TASK DESCRIPTION |
Find "Pensé pour les" in the material below, then write out that line and every line after it exactly, ending with the last one; skip the pictures.

INFORMATION SUPPLIED |
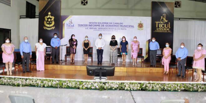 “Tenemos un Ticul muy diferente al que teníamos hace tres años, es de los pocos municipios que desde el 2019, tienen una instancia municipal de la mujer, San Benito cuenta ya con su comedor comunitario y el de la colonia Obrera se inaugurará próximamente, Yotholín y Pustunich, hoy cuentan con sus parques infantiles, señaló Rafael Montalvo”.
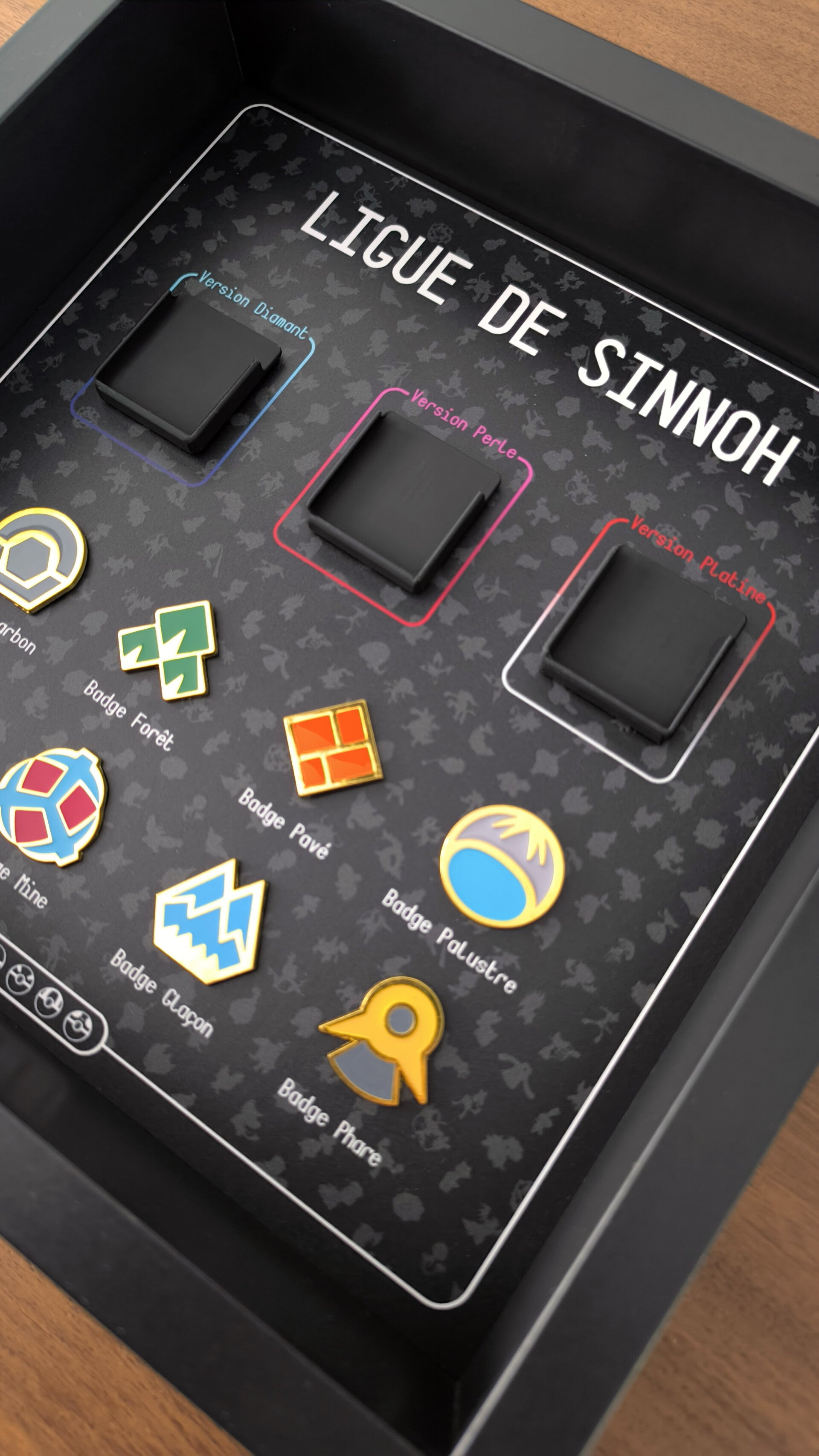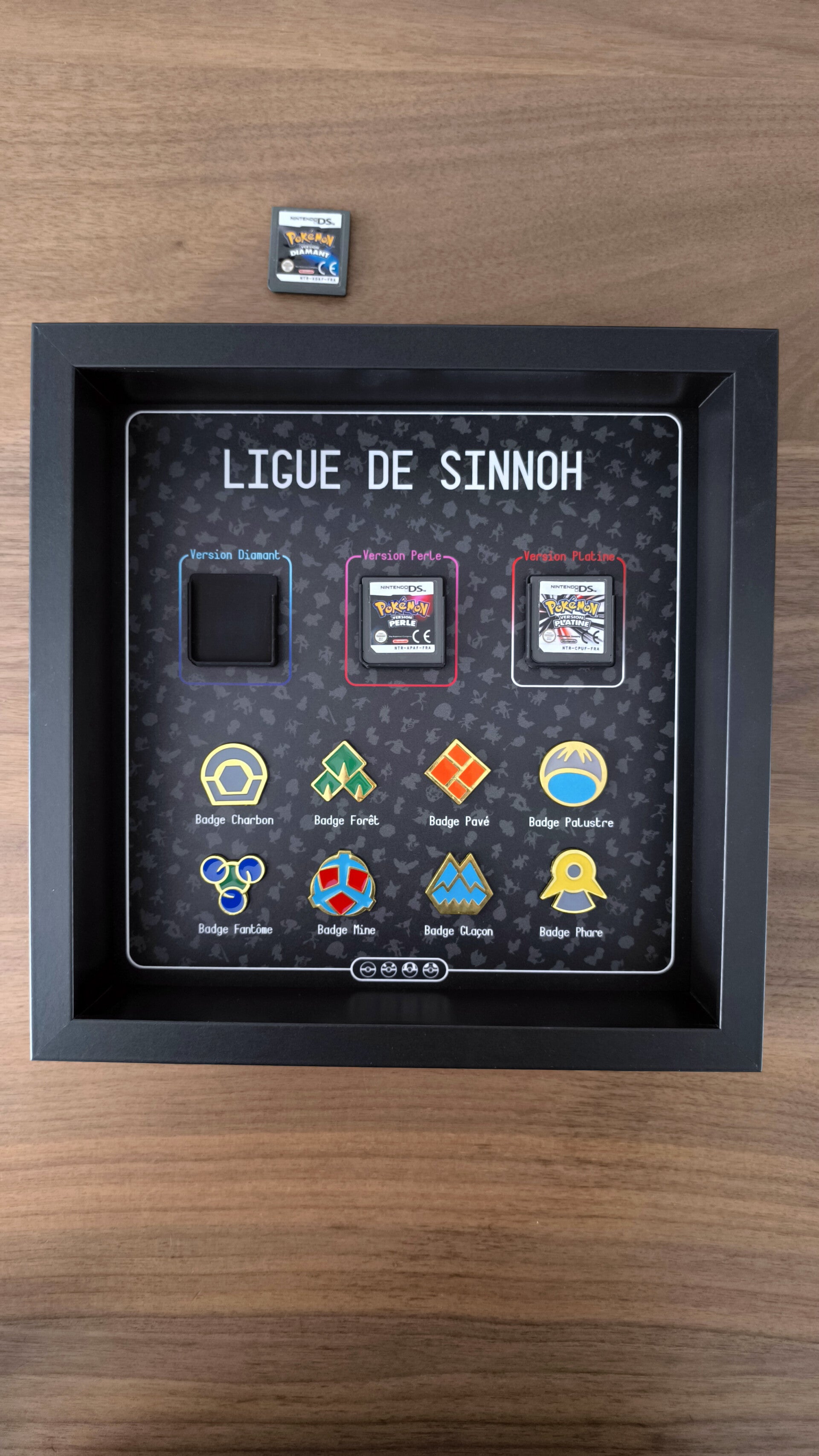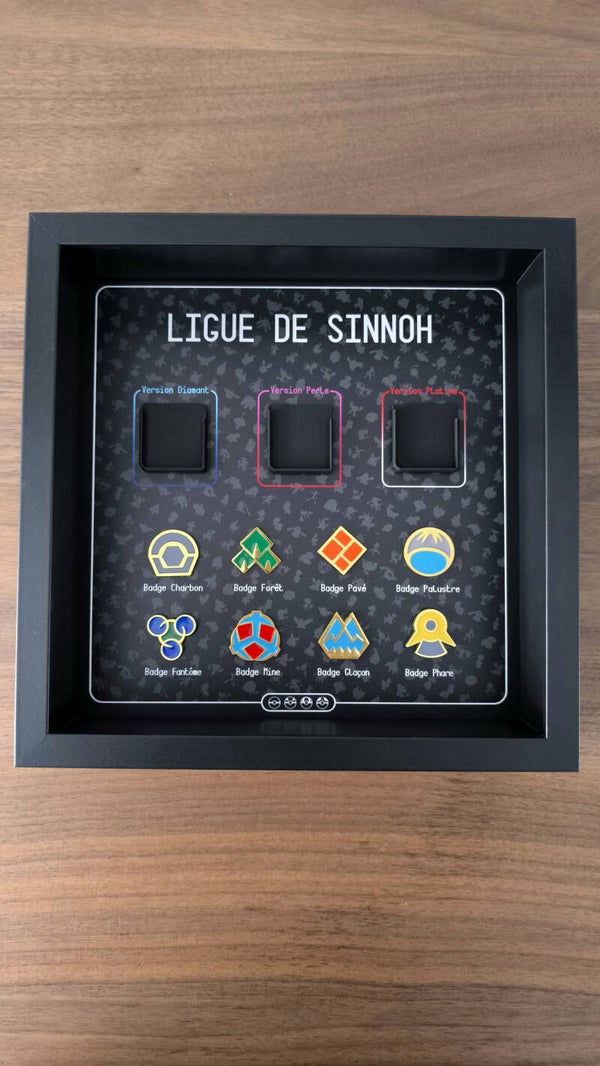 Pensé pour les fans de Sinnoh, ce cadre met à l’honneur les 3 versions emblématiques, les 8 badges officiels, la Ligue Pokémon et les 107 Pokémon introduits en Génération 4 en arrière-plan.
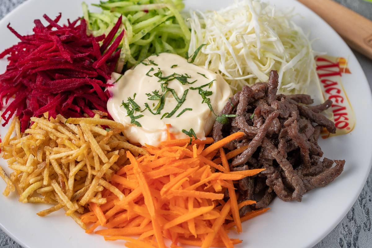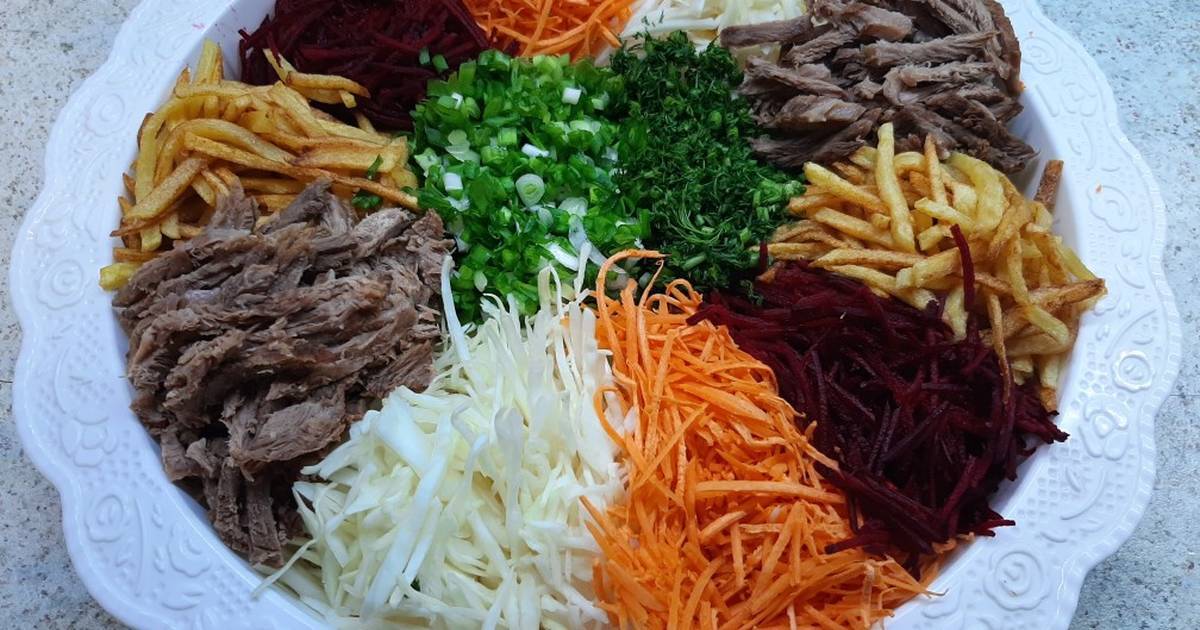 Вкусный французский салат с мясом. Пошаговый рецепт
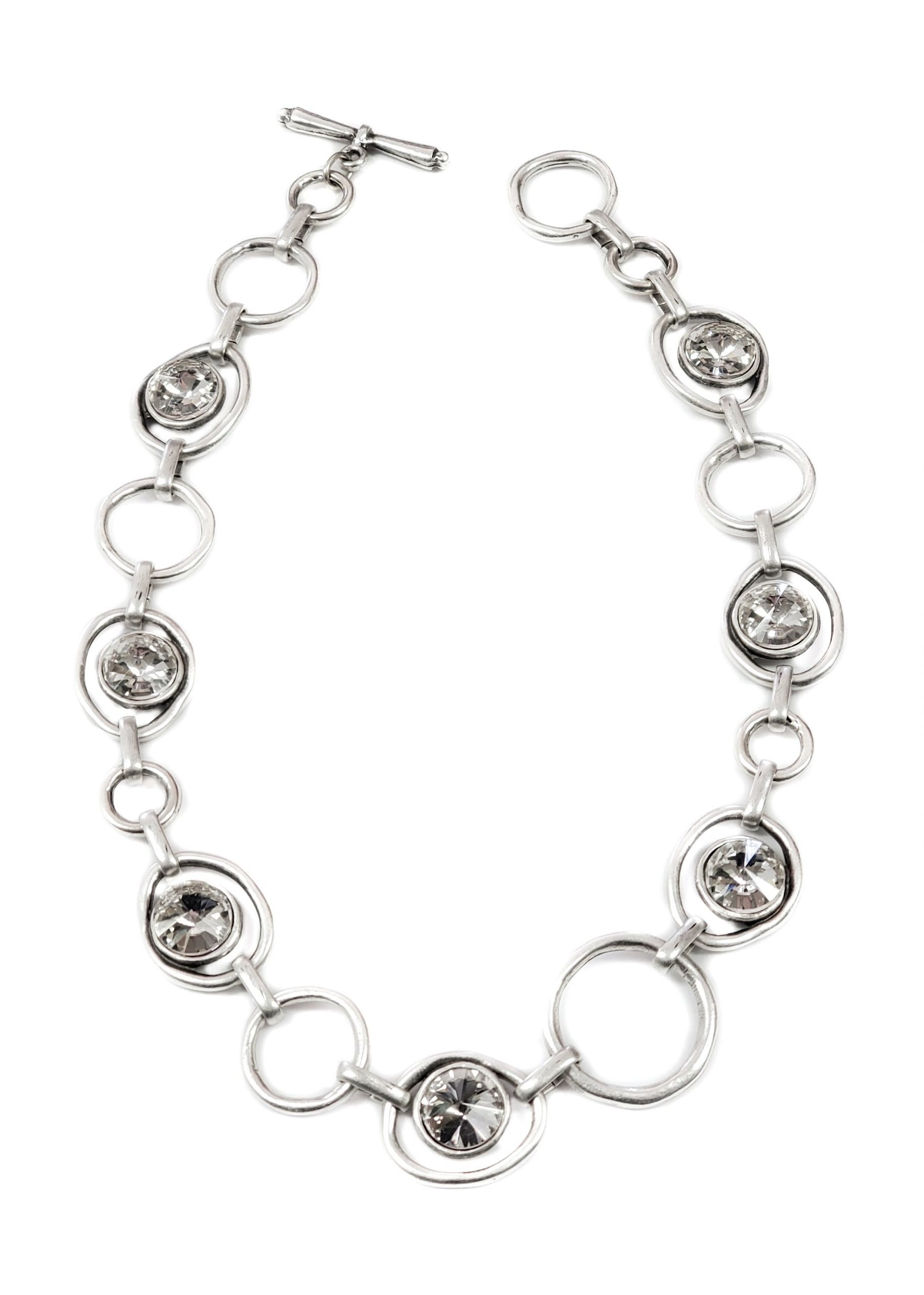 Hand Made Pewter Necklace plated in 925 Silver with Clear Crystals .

YOUR SOLUTION |
 Pensé pour les fans de Sinnoh, ce cadre met à l’honneur les 3 versions emblématiques, les 8 badges officiels, la Ligue Pokémon et les 107 Pokémon introduits en Génération 4 en arrière-plan.
 Вкусный французский салат с мясом. Пошаговый рецепт
 Hand Made Pewter Necklace plated in 925 Silver with Clear Crystals .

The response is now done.